Some companies today fear the public customer review. After all, it seems like everywhere you look, there are customer reviews. Yelp, Facebook, Google--even the Better Business Bureau--these sites and more allow consumers to leave reviews online for businesses today.

It doesn’t take long for company executives to imagine these reviews take on greater significance than they actually have, and if you let your imagination go too far, you might start concluding that a few one-star or two-star reviews will destroy the business. That’s unlikely to happen.

Not long ago, I saw a self-employed author lamenting on his blog about a one-star review of his latest book on Amazon. He went on and on about how many sales he had lost because of that one-star review. However, this is an author with at least a dozen books and literally hundreds of Amazon reviews-;the vast majority of which are positive four- and five-star reviews. Do you think he might have been letting emotion get in the way of objectively looking at that one bad review, out of hundreds of mostly positive reviews?

Your company will survive some bad reviews, should you receive any.

In fact, you may even learn some things from negative reviews that ultimately will help your business improve and become better. In the long run, it may be one of the best things to happen to your business.

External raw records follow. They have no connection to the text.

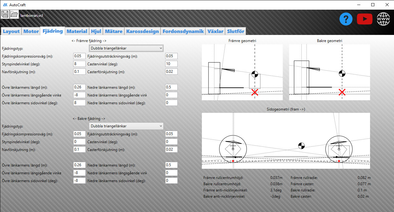 ⚙️ Designa varje komponent – Anpassa drivlinelösningar, motorer, fjädringstyper och geometri.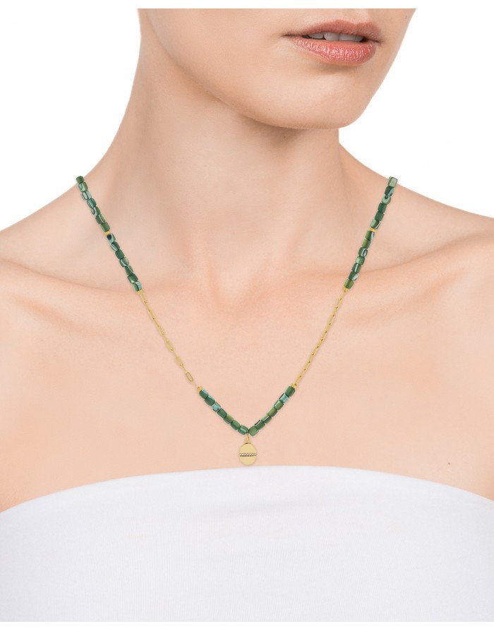 Collar tipo Forzada hecho en Plata con Baño de Oro y con acabado en Brillo-Pulido de la marca Viceroy con cierre de mosquetón ajustable, el largo de la pieza es de 42 + 3cm. La piedra de este collar está hecha de madreperla de color verde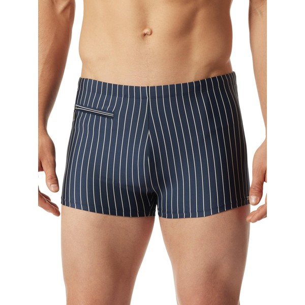 - Retro shorts for men with stripes, from the Schiesser Aqua 'Nautical Casual' swimming collection, with flexible, inner drawstring, small pocket with zip - perfect for safely storing coins or a key, with inner briefs made of soft, skin-friendly mesh fabric for optimal and secure comfort, small Aqua logo made of silver-matt metal on the leg cut, made of elastic, sustainable and easy-care knitted fabric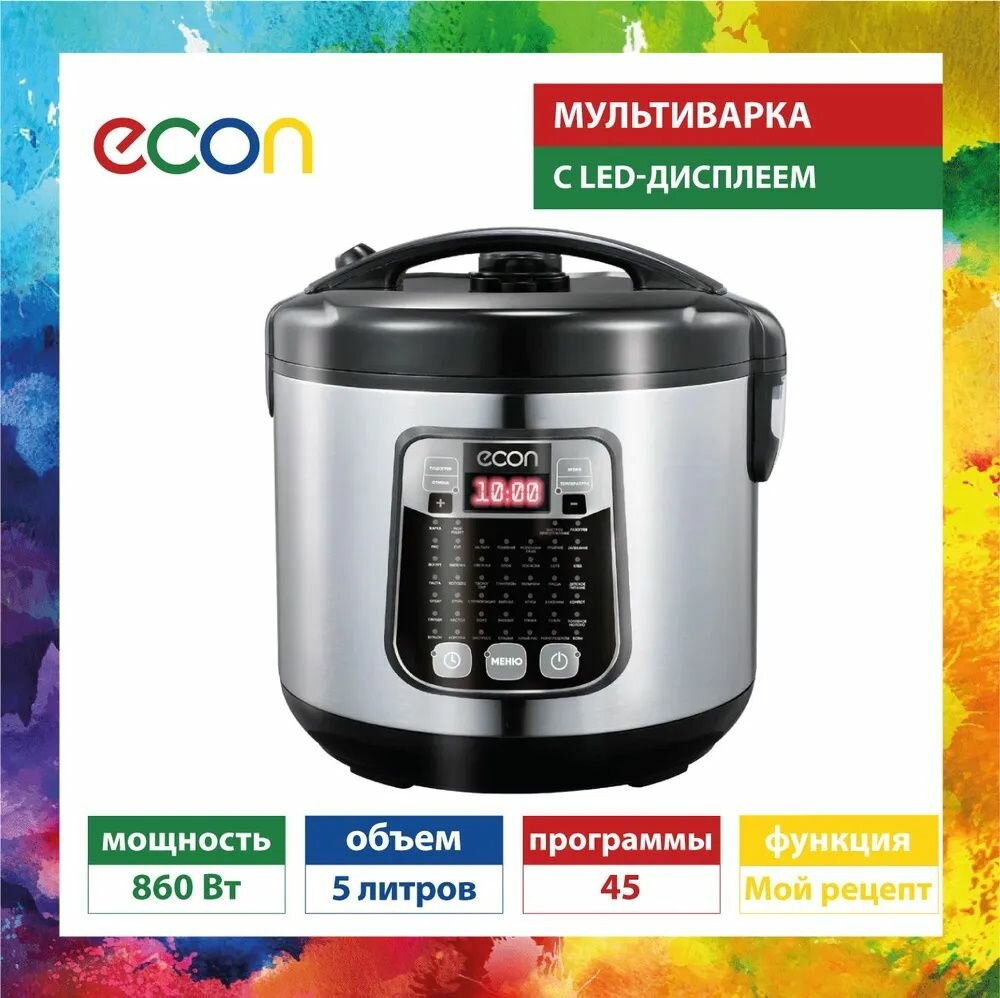 Мультиварка ECON ECO-53MC 5 литров, с антипригарной чашей, 45 автопрограмм и функция "Мой рецепт", 860 Вт

Here are five ways that bad reviews can help:

1. Negative reviews help you see and improve your weaknesses. As business owners, we may be too close to our businesses to see what is glaringly obvious to customers. Instead of living in blissful ignorance, or hoping and praying no one notices or comments, isn’t it better to correct issues that threaten your business in some way? Listen, you built your business and you’re capable of solving problems, or you wouldn’t be in business. Business is a series of problems needing solutions. Look at the underlying situation as just one more problem to confront and address. It goes against human nature to think of criticism as a gift, but as business owners we have to have the self-confidence to think of it that way and not take it personally.

2. You can show the lengths to which you go, to make customers happy. What do you do when you see a negative review (or what do you imagine you’d do)? Chances are you are going to apologize and try to make things right in some way. Perhaps you will issue a refund or gift certificate or some other accommodation. This is an opportunity to shine when it comes to customer service. What better opportunity to show how much you care? Customers pay attention to how you respond when there’s a problem. They want to know that if they themselves have a problem, it will get resolved, and they will be treated fairly and professionally.

3. Bad reviews serve as a catalyst for employees to change attitudes. We’d all love to think that everyone down to the last person in our organizations is wonderful with customers 100 percent of the time. Sometimes, though, our employees aren’t quite there yet, even if we as business owners see the need to improve. They may have difficulty putting themselves in the customer’s shoes. What’s worse, they may not have as much business experience and so don’t feel a sense of urgency to change anything. Hearing a complaint from a real customer who is unhappy enough to write about it online may get your team’s attention in a way that all the encouragement about “delighting customers” never quite manages.

4. Some amount of negative reviews are more natural. Consumers tend not to trust reviews if they are too glowing and too positive. Sadly, reviews are easy to fake, and reviews that uniformly look positive have that look of being “too good to be true” about them. No company today is immune from at least slightly negative reviews. In a contrarian way, you need some variance among reviews in order for the public to take the glowing reviews more seriously.

5. Getting negative reviews may propel you to develop a “review encouragement” mindset and processes. There’s nothing like a bit of a scare to cause us to focus. Today, every business needs to be encouraging reviews proactively. In other words, instead of sitting back passively and just letting reviews happen, you need to be encouraging your happy customers to leave reviews. Having positive reviews will temper the impact of a negative review. But we tend to treat reviews like “no news is good news,” when in fact, the opposite is true. It’s best not to have a small number of reviews. A single negative review drastically skews your average rating if you only have two or three other ratings. However, having a single one-star review among 25 reviews with an average rating of 4.3 would have far less of an impact. That one negative review won’t hurt nearly as much. Today, it’s really more about averaging star ratings online than about having perfect 5-star ratings.

We all want positive reviews. But in the long run, we can be better off getting that occasional negative review.